# WHAT YOU ARE ASKED TO DO
Whatever lies between the line that holds "어허 위성을 좀 많이 실은것 뿐이예요 많이🤭" and the final line of the records below, both included, should be repeated exactly; leave out the pictures and add nothing.

# EXCERPTED DATA
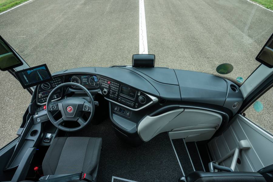Otobüsün sürücü koltuğuna oturduğunuzda sofistike ve kapsamlı bilgi sunan gösterge paneli, ulaşması kolay yüksek kaliteli fonksiyon tuşları ve konforlu sürücü koltuğu Setra Topclass S 516 kokpitinin görünen kısımdaki unsurları. Ancak otobüsü çalıştırdığınız andan itibaren size sürücüye yardımcı olan sistemlerin zahmetsizce devreye girmesi test otobüsümüzü belki de dünyanın en otonom seyahat otobüslerinden biri yapıyor.
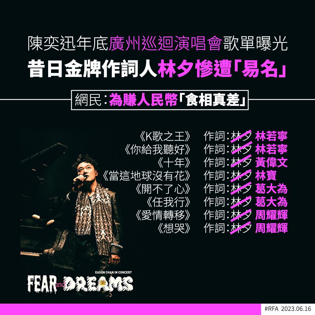 演唱会取消!陈奕迅出卖完林夕后被中共像破布一样拋弃!
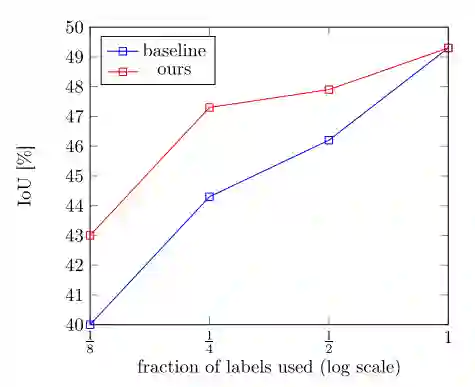 上图是在CamVid数据集上分别使用1/8, 1/4, 1/2 和1/1的标记数据进行训练的结果。相比于蓝线只使用标记数据进行训练,该方法得到了较大的性能提高,如红线所示。
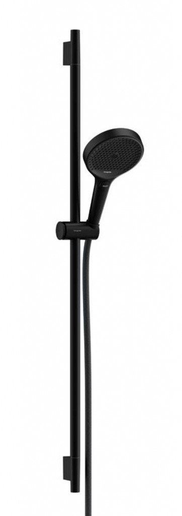 Sprchová soupravy obsahuje: ruční sprchu provedení matná černá/grafit velikost sprchového modulu 130 mm XXL Performance 3 proudy - PowderRain, Intense PowderRain, MonoRain max. průtok 14 l/min (při tlaku 3 bar) volba proudu tlačítkem Select snadná údržba QuickClean sprchovou tyč S Puro délka 1008 mm rozteč uchycení 915 mm průměr tyče 22 mm s posuvným držákem ruční sprchy instalace vrtáním sprchovou hadici Designflex délka 1600 mm otočná koncovka zabraňující zamotání hadice textilní povrchová úprava
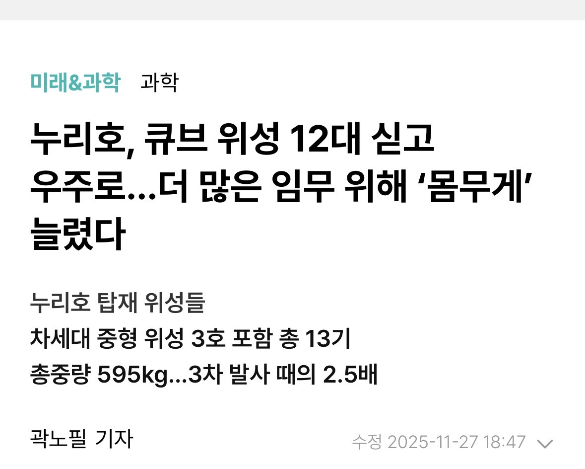 어허 위성을 좀 많이 실은것 뿐이예요 많이🤭
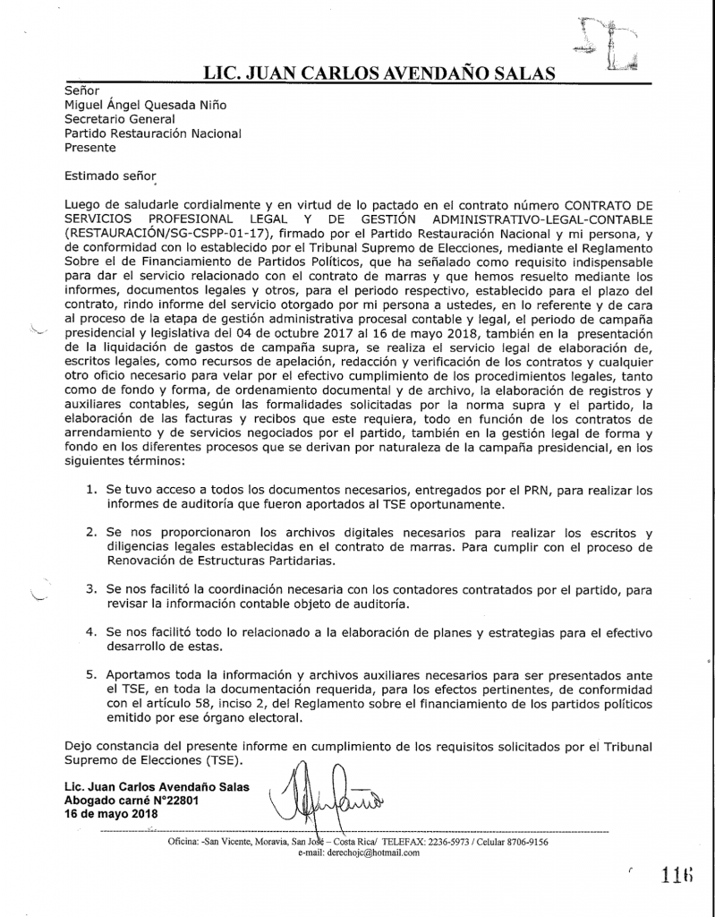En el informe de labores presentado por Juan Carlos Avendaño, detalla que “se nos proporcionaron los archivos digitales necesarios para realizar los escritos y diligencias legales establecidas en e contrato de marras. Para cumplir con el proceso de Renovación de Estructuras Partidarias”.

# OUTPUT FOR THIS EXERCISE
 어허 위성을 좀 많이 실은것 뿐이예요 많이🤭
En el informe de labores presentado por Juan Carlos Avendaño, detalla que “se nos proporcionaron los archivos digitales necesarios para realizar los escritos y diligencias legales establecidas en e contrato de marras. Para cumplir con el proceso de Renovación de Estructuras Partidarias”.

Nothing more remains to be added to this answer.